Supplementing fresh feed and hay during winter
More Good News!
The most amazing Blessing has been that our project was selected for the April 2023 “Project of the Month” We were overwhelmed by the honor and wonderful outcome of this selection which is enabling us to do so much more to ensure the safety and health of our wildlife!
One of the priorities is that we are now – at last – able to proceed with. is the building of a secure boma (enclosure) to enable us to treat injured or care for any orphaned wild animal with easier access and the ability to apply for medical assistance. Wild animals are of course somewhat different from domestic and even if they are friendly and allow one to approach them, it is impossible to hold them steady for treatment and they have to be sedated. Under sedation, they are easily treated for instance for a wound, but at times they need to be kept secluded to ensure healing and protection. Our Boma will be predator-proof and it will also include a stable and shelter. We may not be able to develop the full extent of the planned boma area but the Project of the Month outcome will enable us to at least begin with the most important basic structure and enclosure.

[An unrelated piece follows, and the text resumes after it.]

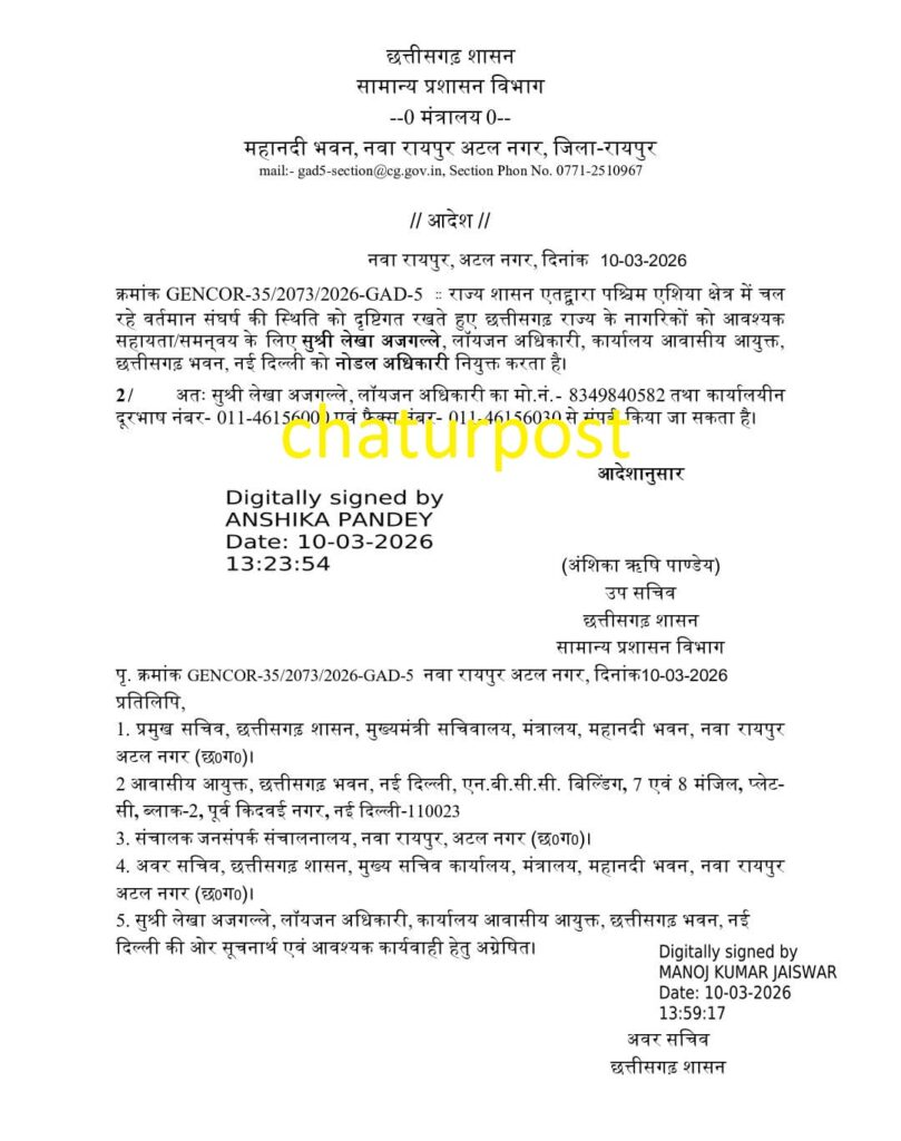 युद्ध क्षेत्र में फंसे लोगों की मद्द के लिए छत्तीसगढ़ सरकार ने नोडल अफसर की नियुक्ति की है। इसके साथ ही सरकार ने उस अफसर का नंबर भी जारी कर दिया है, ताकि आपात स्थिति में लोग संपर्क कर सकें।

In the meantime, we have seen a Nyala antelope male that is limping. He moved off into the forest but our wildlife guard is looking out for him. If the limp does not heal (at times nature heals herself) then we will take measures to assist. Stripy one of our Zebra sustained a cut on her rump that we identified was from an extended piece of wire from the wildlife fence at the boundary of our 120-acre Nature Reserve. Luckily it was not deep so has healed nicely. Of course, we have checked the fence for any other problems and it is ok. However, we are going to be replacing the whole of the western boundary fence now as it is about 10 years since we erected it and it needs replacement.
The rest of the wild are doing well and our previously orphaned "Flower Patch " wildebeest, now with her own youngster "Pollen" is well. "Pollen" her youngster is growing so quickly and his horns are about 50 cm long but still straight. The same-age young impala rams also have little straight horns and soon they will begin to curve. Now that winter has arrived, we are bringing in extra fresh hay and supplement feed for our darling zebra and wildebeest. The other animals are browsers or mixed feeders, meaning that they also eat leaves and herbs as well as grass so we do not need to supplement their food, although the nyala sometimes sneak up to also enjoy a little of the fresh grass/hay.

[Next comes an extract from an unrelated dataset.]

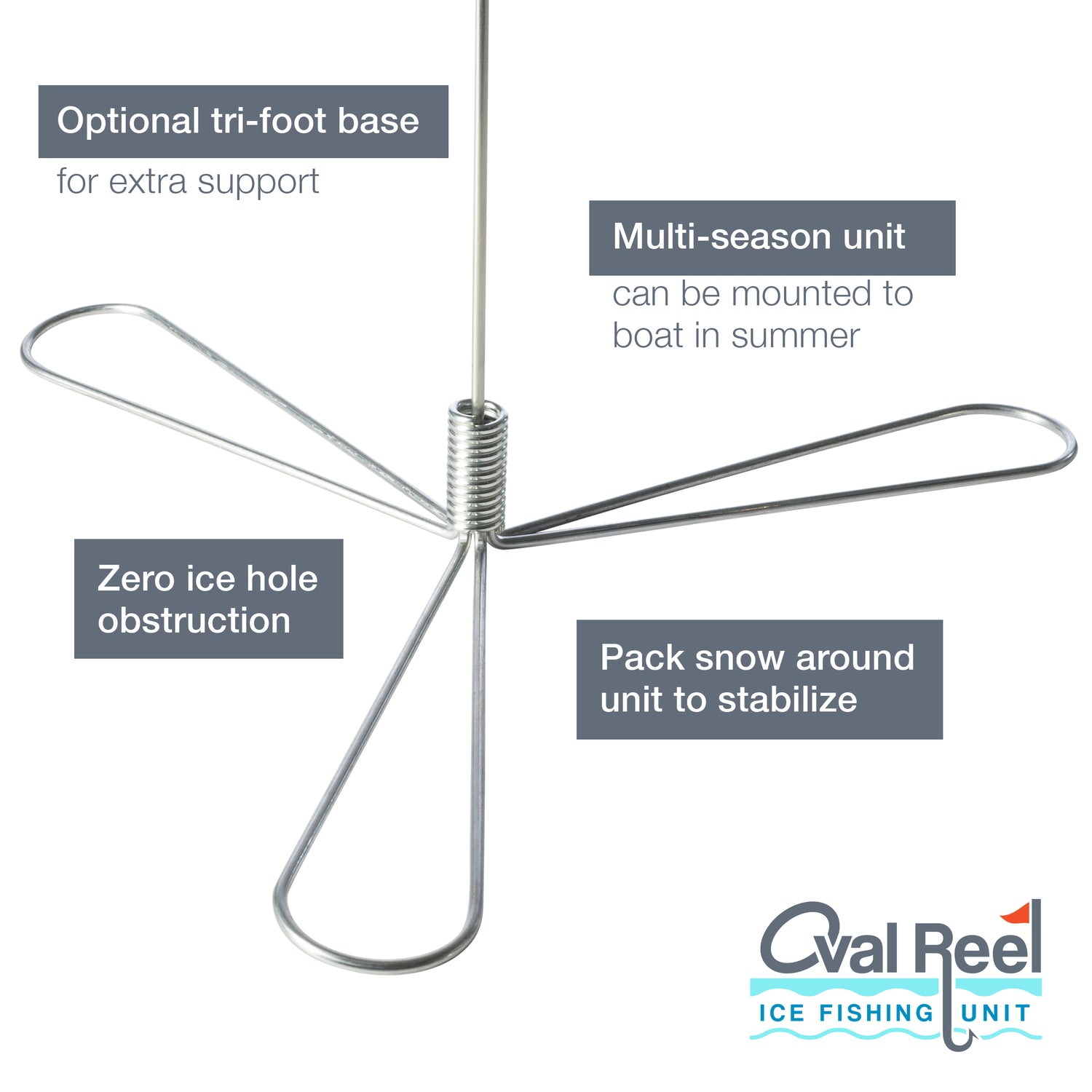 Vertical shaft extends through the Tri-foot base coil, into the ice, just drill a 1/8" hole for added support

The monkeys are our delight and we greatly appreciate them as for many years they were not seen on our property (it was initially a part pineapple monoculture farm, that we bought to enable nature to return) It was only after 8 years that they returned as previous land owners would shoot them on sight! The monkeys sometimes investigate to see if the zebra have perhaps left behind a few pellets of feed and we have seen them carefully brush off any sand and nibble on the little treat. But we do not feed them wildlife feed as this could lead to conflict.

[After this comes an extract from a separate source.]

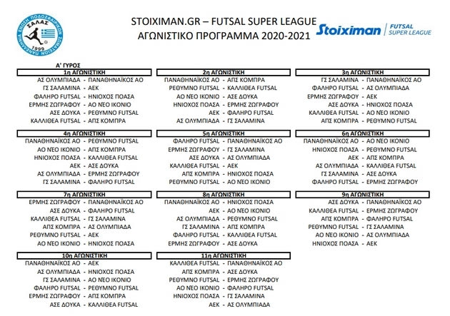 Πραγματοποιήθηκε την Δευτέρα (24/8) η κλήρωση για το πρωτάθλημα της σεζόν 2020-21 στη Stoiximan.gr Futsal Super League, ενώ ανακοινώθηκαν οι αλλαγές στον τρόπο διεξαγωγής του.

As preventing any injury to our wild remains is our top priority, we are going to be acquiring a drone to assist with anti-poaching surveillance and we look forward to this. It would also help us to seek the nyala that is limping and further assist with surveillance of our Nature Reserve and its wild.
The final amazing news is that we have at last achieved the necessary criteria to be registered as a Nature Reserve and this will be published in the South African government gazette. To achieve this has taken 32 years of dedication to bring nature back to a once derelict property! We are Blessed and overjoyed to have achieved this outcome and met our dream to restore and protect the wonderful biodiversity of our property. We thank you all for your support through the years!
Stripy had a slight injury but it has healed well
Thin nyala with limp we are looking out for.